YOUR OBJECTIVE
Your answer should hold exactly the lines below from the line with "Esta bela loira" through the line with "一人拿一瓶乳酸菌,看看谁喝得", both included, and no pictures at all.

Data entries
####

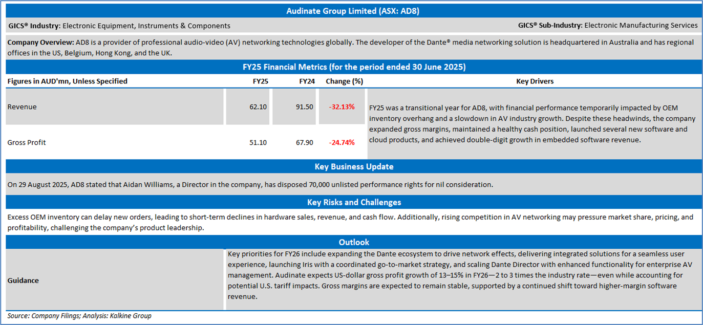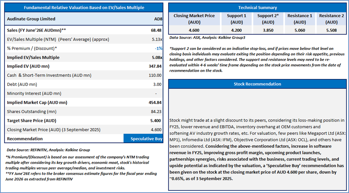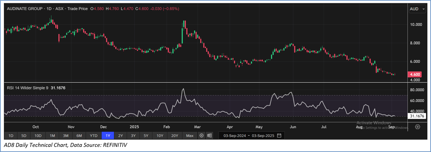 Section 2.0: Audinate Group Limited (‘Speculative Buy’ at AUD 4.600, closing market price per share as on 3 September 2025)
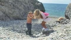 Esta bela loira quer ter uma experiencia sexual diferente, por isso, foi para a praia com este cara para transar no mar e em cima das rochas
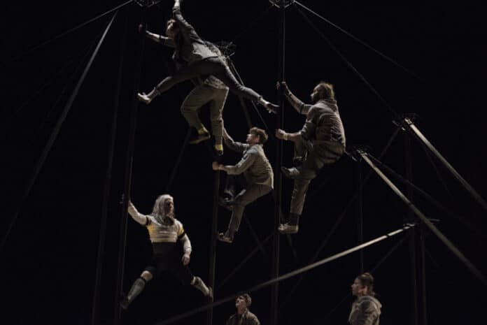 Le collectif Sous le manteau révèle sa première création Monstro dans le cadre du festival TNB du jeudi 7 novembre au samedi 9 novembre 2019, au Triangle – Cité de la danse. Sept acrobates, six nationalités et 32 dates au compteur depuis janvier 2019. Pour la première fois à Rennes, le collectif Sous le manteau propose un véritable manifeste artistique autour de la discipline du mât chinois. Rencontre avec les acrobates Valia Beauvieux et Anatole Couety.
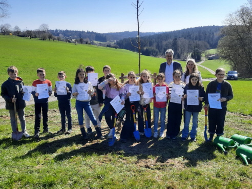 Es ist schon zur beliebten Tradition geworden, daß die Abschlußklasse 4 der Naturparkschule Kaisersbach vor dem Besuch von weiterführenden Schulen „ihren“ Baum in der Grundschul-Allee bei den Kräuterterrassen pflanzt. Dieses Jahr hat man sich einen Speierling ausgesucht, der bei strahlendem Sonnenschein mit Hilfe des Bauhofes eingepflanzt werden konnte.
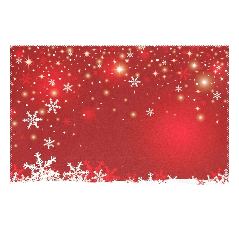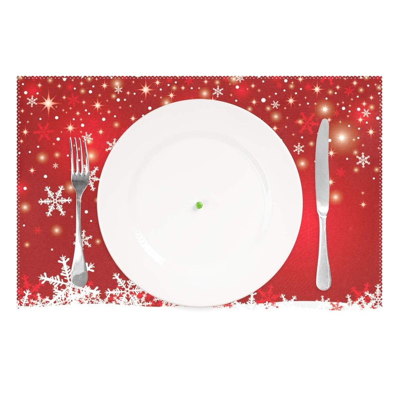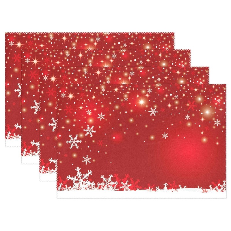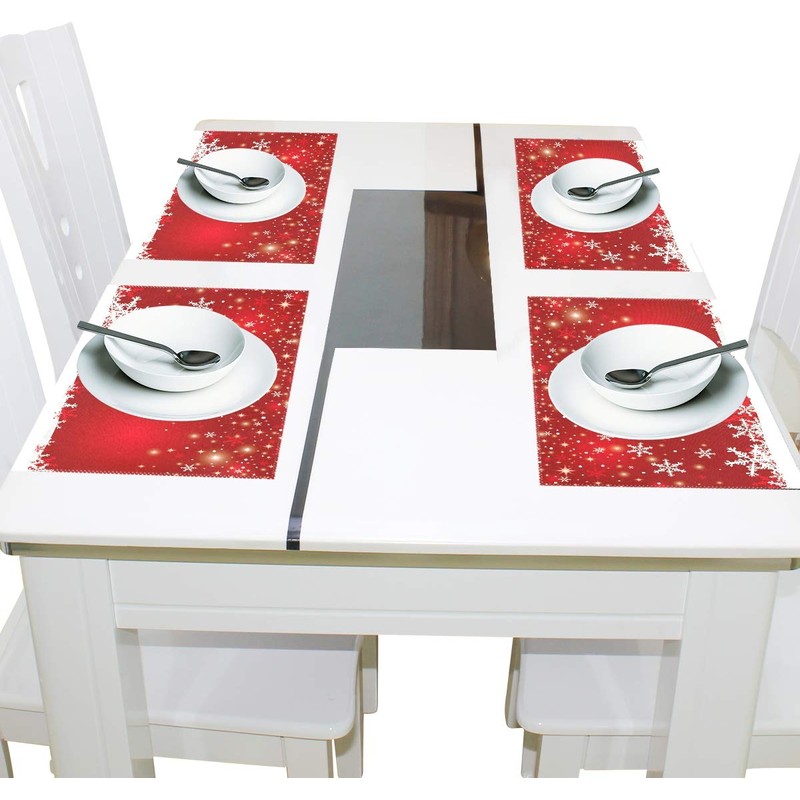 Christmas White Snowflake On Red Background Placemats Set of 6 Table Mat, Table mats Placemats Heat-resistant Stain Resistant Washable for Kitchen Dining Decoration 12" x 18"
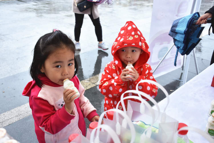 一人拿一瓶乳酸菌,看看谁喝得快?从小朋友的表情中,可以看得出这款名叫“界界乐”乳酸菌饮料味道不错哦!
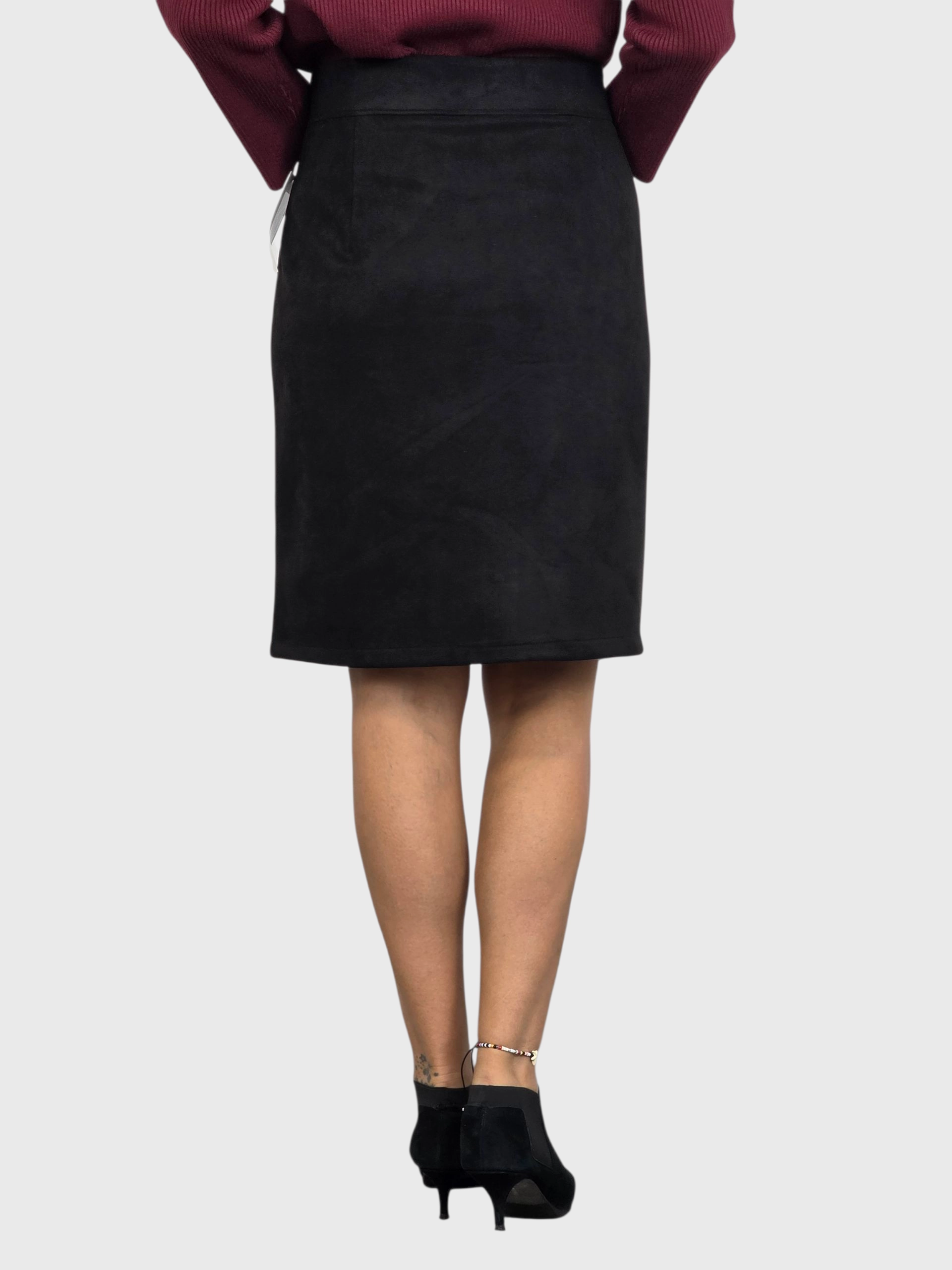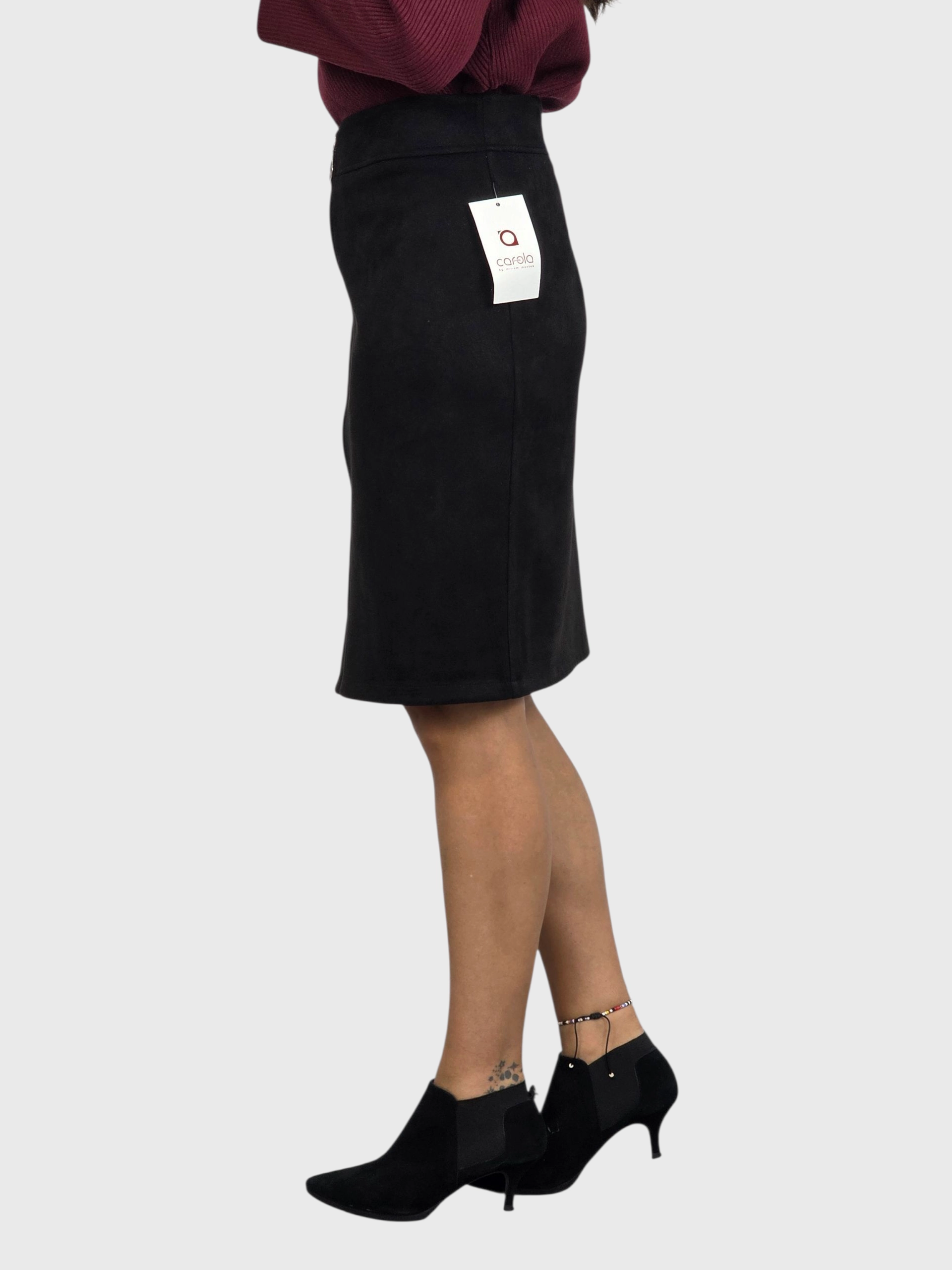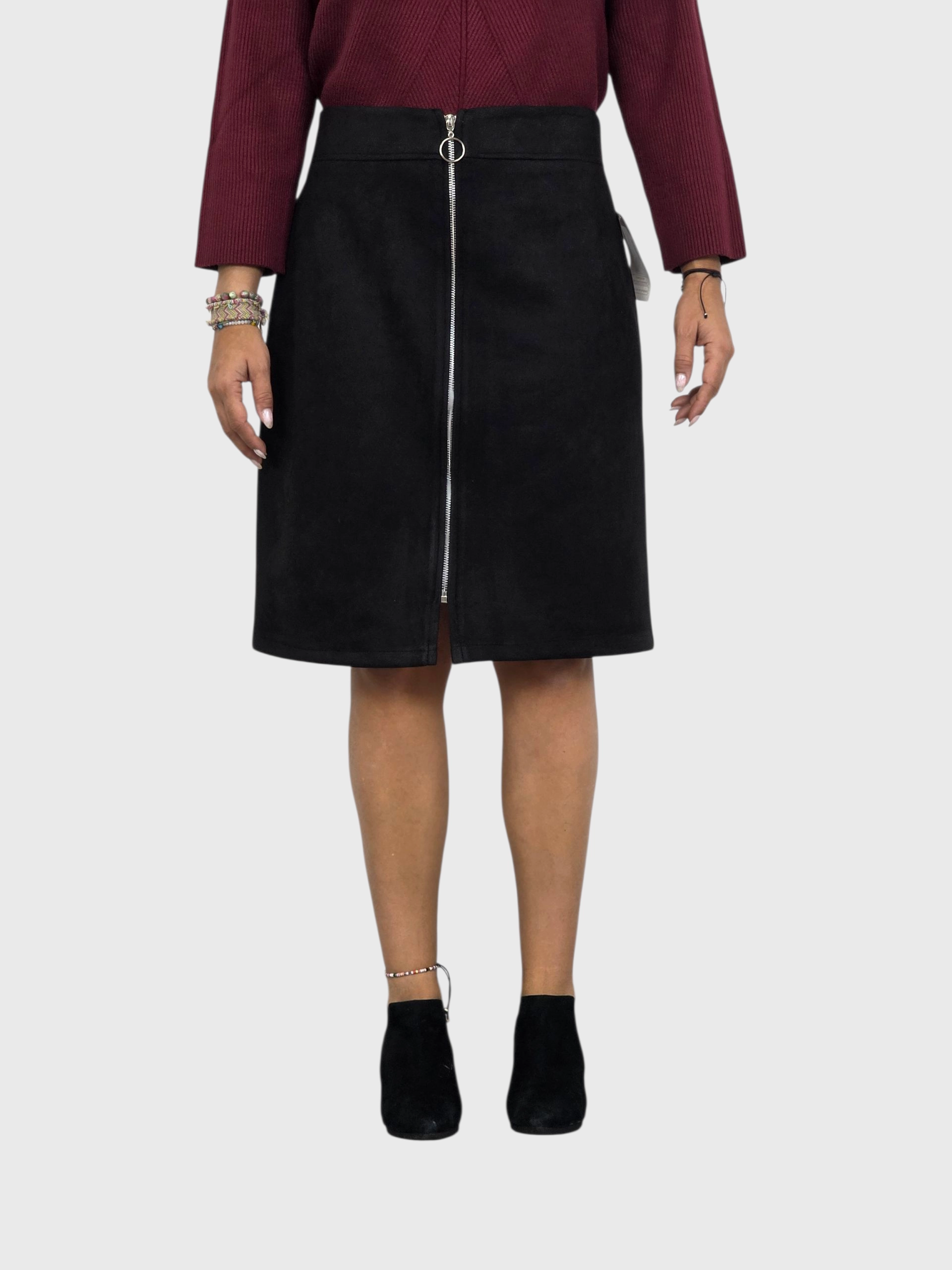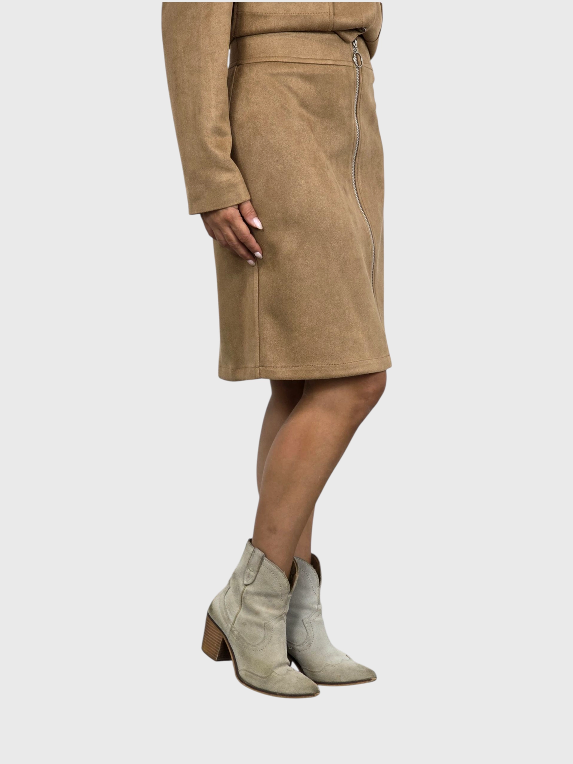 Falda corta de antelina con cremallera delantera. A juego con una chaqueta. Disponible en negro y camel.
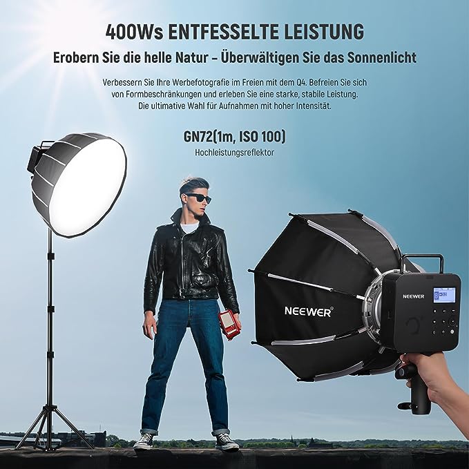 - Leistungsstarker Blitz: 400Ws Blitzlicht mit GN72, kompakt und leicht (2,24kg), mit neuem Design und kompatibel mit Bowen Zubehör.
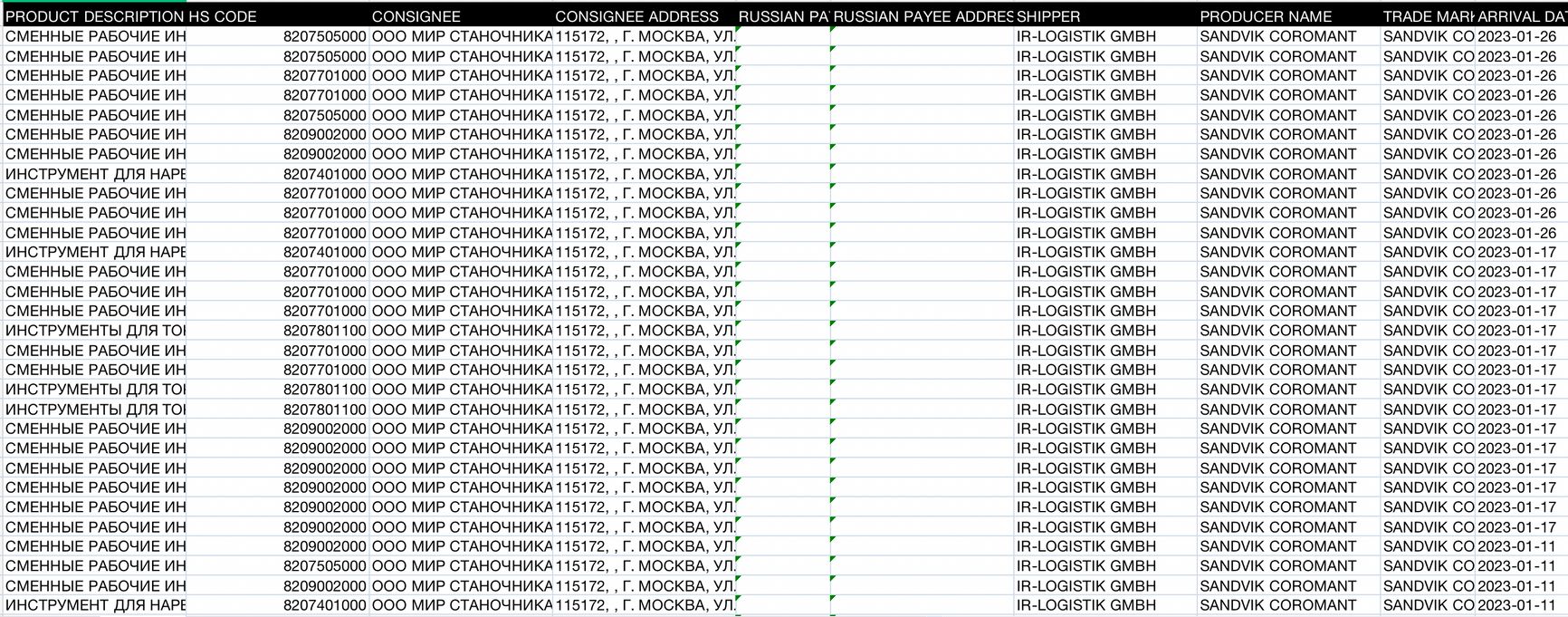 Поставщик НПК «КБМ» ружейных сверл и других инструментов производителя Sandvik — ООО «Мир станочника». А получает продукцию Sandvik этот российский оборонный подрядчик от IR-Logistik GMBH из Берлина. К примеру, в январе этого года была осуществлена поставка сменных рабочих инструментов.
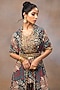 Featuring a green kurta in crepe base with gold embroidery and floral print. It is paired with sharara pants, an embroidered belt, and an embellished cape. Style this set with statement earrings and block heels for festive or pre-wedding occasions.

####

OUTPUT OF THE TASK
 Esta bela loira quer ter uma experiencia sexual diferente, por isso, foi para a praia com este cara para transar no mar e em cima das rochas
 Le collectif Sous le manteau révèle sa première création Monstro dans le cadre du festival TNB du jeudi 7 novembre au samedi 9 novembre 2019, au Triangle – Cité de la danse. Sept acrobates, six nationalités et 32 dates au compteur depuis janvier 2019. Pour la première fois à Rennes, le collectif Sous le manteau propose un véritable manifeste artistique autour de la discipline du mât chinois. Rencontre avec les acrobates Valia Beauvieux et Anatole Couety.
 Es ist schon zur beliebten Tradition geworden, daß die Abschlußklasse 4 der Naturparkschule Kaisersbach vor dem Besuch von weiterführenden Schulen „ihren“ Baum in der Grundschul-Allee bei den Kräuterterrassen pflanzt. Dieses Jahr hat man sich einen Speierling ausgesucht, der bei strahlendem Sonnenschein mit Hilfe des Bauhofes eingepflanzt werden konnte.
 Christmas White Snowflake On Red Background Placemats Set of 6 Table Mat, Table mats Placemats Heat-resistant Stain Resistant Washable for Kitchen Dining Decoration 12" x 18"
 一人拿一瓶乳酸菌,看看谁喝得快?从小朋友的表情中,可以看得出这款名叫“界界乐”乳酸菌饮料味道不错哦!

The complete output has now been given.